1.Lingkungan Alam Kehidupan
Kehidupan bercocok tanam yang pertama kali dikenal oleh manusia adalah
berhuma. Berhuma adalah teknik bercocok tanam dengan cara membersihkan
hutan dan menanamnya, setelah tanah tidak subur mereka pindah dan mencari
bagian hutan yang lain. Kemudian mereka mengulang pekerjaan membuka hutan,
demikian seterusnya. Namun dalam perkembangan berikutnya, manusia mulai
memikirkan kembali untuk hidup dari generasi ke generasi berikutnya. Oleh
karena itu, manusia mulai menerapkan kehidupan bercocok tanam pada tanah-
tanah persawahan. Kehidupan menetap yang dipilih manusia pada masa lampau
itu merupakan titik awal dari perkembangan kehidupan manusia untuk mencapai
kemajuan.
2. Kehidupan Sosial
Kehidupan masyarakat pada masa bercocok tanam mengalami peningkatan yang
cukup pesat. Masyarakat mulai mempunyai tempat tinggal tetap. Tempat tinggal
tetap untuk mempererat hubugan antar manusia, yang menunjukkan bahwa
manusia tidak bisa hidup sendiri. Kehidupan sosial yang dilakukan oleh masyarakat
pada masa bercocok tanam ini terlihat dengan jelas melalui cara bekerja dengan
bergotong royong. Cara hidup bergotong royong itu bersifat agraris.
3. Kehidupan Ekonomi
Pada masa kehidupan bercocok tanam, kebutuhan kehidupan masyarakat semakin
bertambah, namun tidak ada anggota masyarakat yang dapat memenuhi
kehidupannya sendiri. Dengan kenyataan seperti ini, dalam rangka memenuhi
kebutuhannya masing-masing diadakan pertukaran barang dengan barang yang
disebut sistem barter. Sistem barter ini menjadi awal munculnya perdagangan atau
sistem perekonomian masyarakat. Untuk memperlancar kegiatan tersebut
dibutuhkan tempat khusus yang dapat dijadikan sebagai tempat pertemuan antara
penjual dan pembeli yang disebut pasar.
4. Sistem Kepercayaan Masyarakat
ž
Pada masa kehidupan bercocok tanam kepercayaan masyarakat semakin
bertambah. Mereka percaya bahwam orang-orang yang meninggal rohnya pergi ke
suatu tempat yang tidak jauh dari tempat tinggalnya atau tetap berada di wilayah
di sekitar tempat tinggalnya sehingga sewaktu-waktu dapat dipanggil untuk
dimintai bantuannya dalam kasus seperti menanggulangi wabah penyakit atau
mengusir pasukan-pasukan musuh yang ingin menyerang tempat tinggalnya.

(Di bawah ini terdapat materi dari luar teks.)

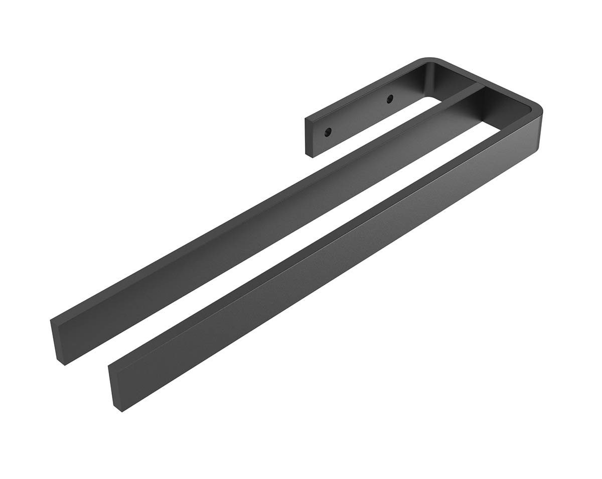 Mit seinem schwarz-matten Finish und zwei getrennten Armen ist dieser Bath-O-Line Handtuchhalter die perfekte Wahl für moderne Badezimmer. Die pulverbeschichtete Oberfläche wirkt edel und robust zugleich – perfekt kombinierbar mit schwarzen Badarmaturen.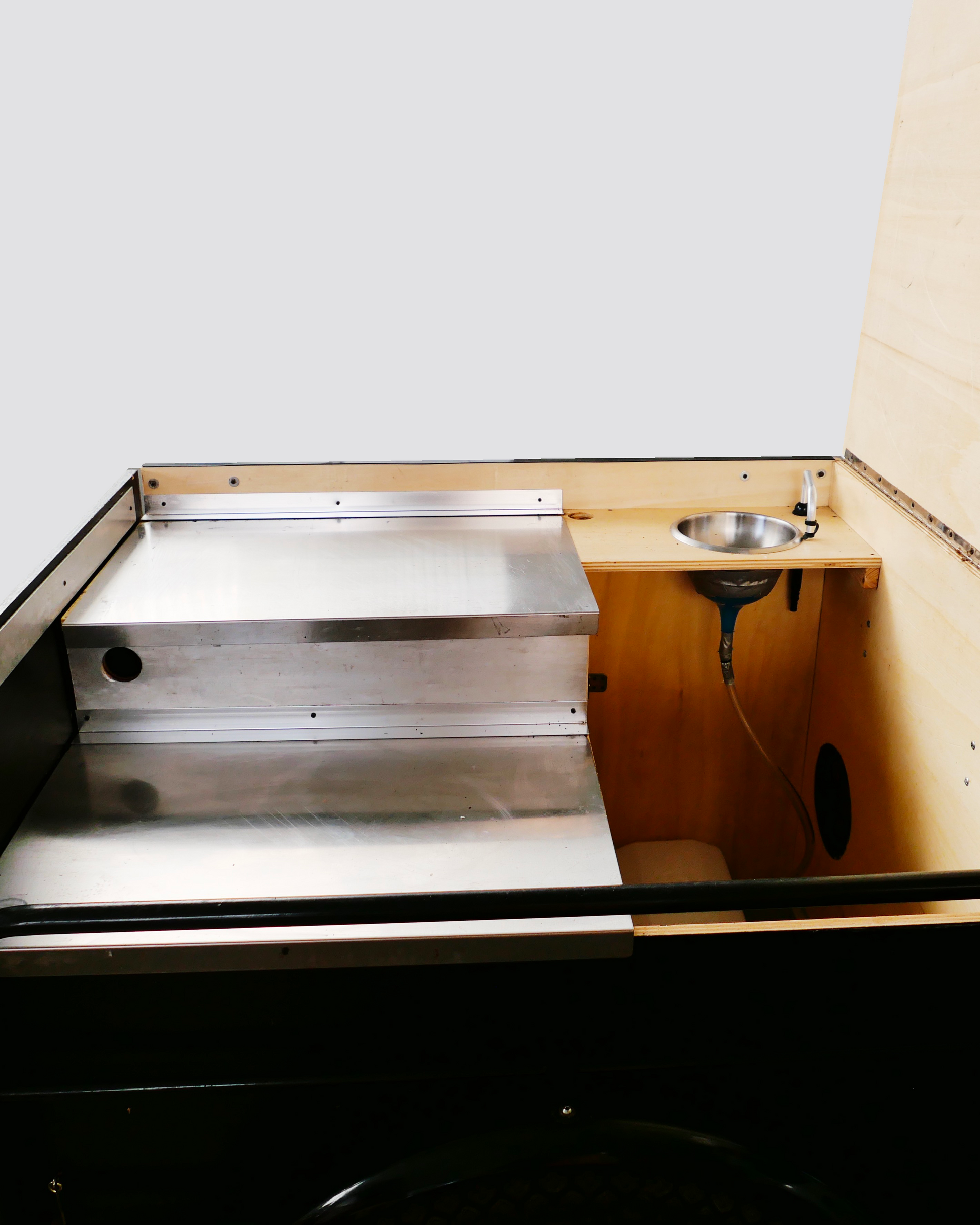 Magazzino Capiente: Sotto il piano di lavoro è presente un ampio magazzino che contiene due contenitori isotermici impilabili dalla capienza di 36 L e due bombole del gas.

Di
Indonesia, kepercayaan dan pemujaan kepada roh nenek moyang terlihat melalui
peninggalan-peninggalan tugu-tugu batu atau bangunan-bangunan mengalithikum.

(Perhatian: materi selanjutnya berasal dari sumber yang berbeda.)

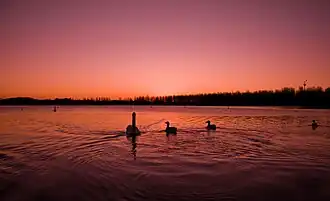 The lake is surrounded by a mixture of open parkland and woodland, which forms part of the wider Ouzel Valley Park.[11] The lake is divided by an embankment and bridge carrying the A509 (H5 Portway), which runs between the east and west of the city, providing links to M1 Junction 14 (approximately 1 mile (1.6 km) to the north-east), and Central Milton Keynes and the A5 (approximately 1.5 miles (2.4 km) and 2.5 miles (4.0 km) to the south-west, respectively).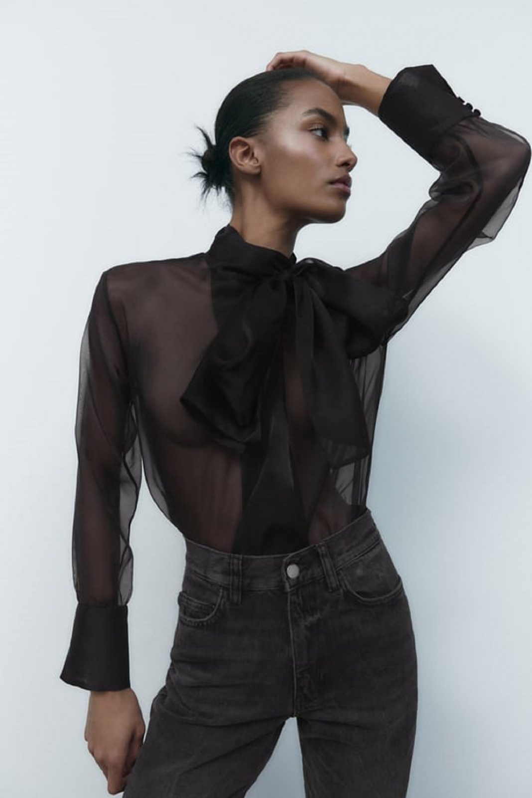 Esta maravillosa blusa semitransparente de cuello subido con lazo no puede gustarnos más. Su manga larga acabada en puño con botones forrados no puede realzar más la figura y el detalle de pinza que tiene en la espalda es colosal. No tiene forro interior, por lo que queda súper sexy. Algunas lo llevan con sujetador negro debajo para que se vea y otras directamente con pezoneras. Lo que está claro es que desapercibida no pasarás con este diseño. Su precio es 39,95 euros. Zara todavía tiene más prendas que te dejarán con la boca abierta.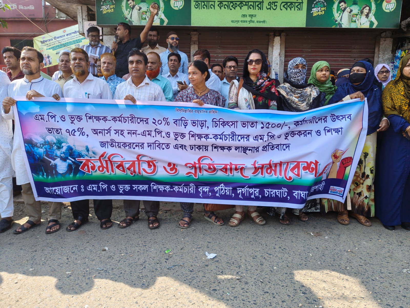 এমপিও ভুক্ত শিক্ষক কর্মচারীদের ২০% বাড়ি ভাড়া চিকিৎসা ভাতা ১৫০০ টাকা কর্মচারীদের উৎসব ভাতা ৭৫% অনার্স সহ নন এমপিও ভুক্ত শিক্ষক কর্মচারীদের এমপিও ভুক্তকরণ ও শিক্ষা জাতীয় করণের দাবিতে এবং ঢাকায় শিক্ষক লাঞ্ছনার প্রতিবাদে কর্ম বিরতি ও প্রতিবাদ সমাবেশ অনুষ্ঠিত হয়।

Bangunan-bangunan itu banyak ditemukan di tempat-tempat tinggi dari daerah
sekitarnya sehingga muncul anggapan masyarakat bahwa roh-roh tersebut berada
di tempat yang lebih tinggi.
5. Kehidupan Budaya
žPada masa kehidupan bercocok tanam kebudayaan yang dihasilkan semakin beragam seperti yang terbuat dari tanah liat, batu, dan tulang. Contohnya:
1.Beliung Persegi
diduga digunakan untuk upacara. Ditemukan di Sumatera, Jawa, Kalimantan,
Sulawesi, Nusa Tenggara, Semenanjung Melayu dan Asia Tenggara.
2. Kapak Lonjong
Kapak ini ditemukan di daerah Maluku, Papua, sebagian Sulawesi Utara, Kepulauan
Filipina, Taiwan dan Cina.
3. Mata Panah
Digunakan untuk berburu dan menangkap ikan. Ditemukan di daerah Papua.
4. Gerabah
Digunakan sebagai tempat untuk menyimpan benda-benda perhiasan dan sebagai
alat untuk mencurahkan rasa seni. Ditemukan di seluruh wilayah Indonesia.
6. Perhiasan
Pada masa bercocok tanam kebudayan, telah dikenal berbagai bentuk perhiasan.
Bahan dasarnya berasal dari lingkungan alam sekitar tempat tinggal mereka yaitu
seperti tanah liat, batu kalsedon, yaspur dan agat. Perhiasaan yang dihasilkan
seperti kalung, gelang dan lain-lain. Disamping perhiasan tersebut juga ditemukan
kebudayaan yang terbuat dari batu besar atau Megalitikum pada masa kehidupan
masyarakat bercocok tanam. Kebudayaan megalitikum erat kaitannya dengan
kegiatan religius, yaitu kepercayaan terhadap nenek moyang. Bangunan ini dibuat
berdasarkan adanya kepercayaan hubungan antara alam fana dan alam baka.
Contoh Bangunan Pada Masa Megalitikum
ž
Menhir, adalah tugu batu tempat pemujaan terhadap roh nenek moyang,
ditemukan di daerah Sumatera, Sulawesi Tengah dan Kalimantan.